The Civil War was the most traumatic episode in American history. The war resolved two fundamental questions that have divided the United States since 1776. It put an end to slavery, which was completely abolished by the 13th Amendment to the Constitution in 1865. It also decided, once and for all, that America was not a collection of semi-independent states, but a single indivisible nation.
^ World War I, Great Depression, and World War II
At the outbreak of World War I in 1914, the United States remained neutral. American sympathies were with the British and French, although many citizens, mostly Irish and German, were opposed to intervention. In 1917, however, they joined the Allies, helping to turn the tide against the Central Powers. Reluctant to be involved in European affairs, the Senate did not ratify the Treaty of Versailles, which established the League of Nations. Instead, the country continued to pursue a policy of unilateralism, verging at times on isolationism. After seven decades, the women's rights movement won passage of a constitutional amendment in 1920 granting women's suffrage. In part due to the service of many in the war, Native Americans won U.S. citizenship in the Indian Citizenship Act of 1924.

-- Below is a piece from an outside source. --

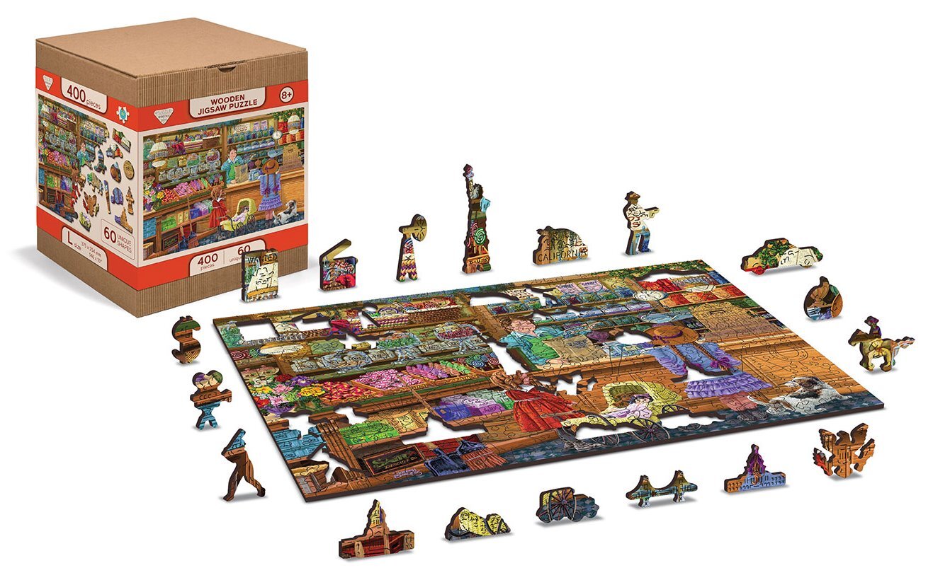Laserem vyřezávané dřevěné puzzle WOODEN CITY se svými speciálně tvarovanými dílky je neskutečně zábavné. Část dílků je vyrobena ve tvaru zvířat, staveb nebo předmětů , jejichž výsledný efekt umocňují laserem zvýrazněné detaily. Tyto dílky mohou samostatně stát jako drobné figurky. Skládání puzzle s různotvarými dílky je obtížnější a představuje větší výzvu, než skládání klasického puzzle. Puzzle je navíc oboustranné , skládat můžete jak podle obrázku (lícová strana), tak podle tvaru (rubová strana se vzorem). Značka WOODEN CITY kromě unikátního konceptu puzzle nezapomíná na ekologii, u těchto výrobku proto nenaleznete žádné plastové obaly .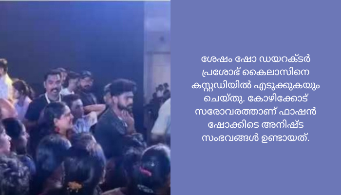 നിലവാരമില്ലാത്ത കോസ്ട്യൂം നൽകിയെന്ന് ആരോപിച്ച് ഷോയിൽ പങ്കെടുക്കാൻ എത്തിയവർ പ്രതിഷേധം തുടങ്ങുകയായിരുന്നു. പ്രതിഷേധം കനത്തതോടെ പൊലീസും സ്ഥലത്തെത്തി. പ്രതിഷേധക്കാർക്ക് പറയാനുള്ളതെല്ലാം കേട്ട ശേഷം പൊലീസ് ഇടപെട്ട് ഫാഷൻ ഷോ നിർത്തിവയ്പ്പിച്ചു. ശേഷം ഷോ ഡയറക്ടർ പ്രശോഭ് കൈലാസിനെ കസ്റ്റഡിയിൽ എടുക്കുകയും ചെയ്തു. കോഴിക്കോട് സരോവരത്താണ് ഫാഷൻ ഷോക്കിടെ അനിഷ്ട സംഭവങ്ങൾ ഉണ്ടായത്.

During most of the 1920s, the United States enjoyed a period of unbalanced prosperity as farm profits fell while industrial profits grew. A rise in debt and an inflated stock market culminated in the 1929 crash that, combined with the Dust Bowl, triggered the Great Depression. After his election as president in 1932, Franklin Delano Roosevelt responded with the New Deal, a range of policies increasing government intervention in the economy. The nation would not fully recover from the economic depression until the industrial mobilization spurred by its entrance into World War II.

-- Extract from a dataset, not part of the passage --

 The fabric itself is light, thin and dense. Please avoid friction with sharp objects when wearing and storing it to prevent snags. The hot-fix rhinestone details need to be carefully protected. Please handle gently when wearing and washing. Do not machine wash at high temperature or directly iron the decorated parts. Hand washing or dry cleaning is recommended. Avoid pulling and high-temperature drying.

On December 7, 1941, the United States was driven to join the Allies against the Axis Powers after a surprise attack on Pearl Harbor by Japan. World War II had a greater economic cost than any in American history, but it helped to pull the economy out of depression by providing much-needed jobs and bringing many women into the labor market. Allied conferences at Bretton Woods and Yalta outlined a new system of intergovernmental organizations that placed the United States and Soviet Union at the center of world affairs. As victory was achieved in Europe, a 1945 international conference held in San Francisco produced the United Nations Charter, which became active shortly after the war's end. The United States, having developed the first nuclear weapons, used them on the Japanese cities of Hiroshima and Nagasaki in August. Japan surrendered on September 2, ending the war.
^ Postwar superpower
The United States and Soviet Union jockeyed for power after World War II during a new Cold War, dominating the military affairs of Europe through the North Atlantic Treaty Organization (NATO) and the Warsaw Pact. The United States promoted liberal democracy and capitalism, while the Soviet Union promoted communism and a centrally planned economy, but both sides supported dictatorships when politically convenient and engaged in proxy wars, including the Greek Civil War and the Korean War. As the Communist Party in the Eastern Bloc suppressed dissent, American anti-communists like Joseph McCarthy attempted and failed to suppress their opposition at home.

Meanwhile, America experienced a period of sustained economic expansion. A growing civil rights movement headed by prominent African Americans such as Martin Luther King Jr. fought racism, leading to the abolition of the Jim Crow laws in the South and passage of the Civil Rights Act of 1964. Following Kennedy's assassination in 1963, his successors expanded a proxy war in Southeast Asia into the unsuccessful Vietnam War. As a result of the Watergate scandal, in 1974 Richard Nixon became the first U.S. president to resign, rather than be impeached on charges including obstruction of justice and abuse of power.

The election of Ronald Reagan as president in 1980 marked a significant rightward shift in American politics. In the late 1980s and 1990s, the Soviet Union's power diminished, leading to its collapse. The leadership role taken by the United States and its allies in the United Nations–sanctioned Gulf War and the Yugoslav wars helped to preserve its position as the world's last remaining superpower and to expand NATO.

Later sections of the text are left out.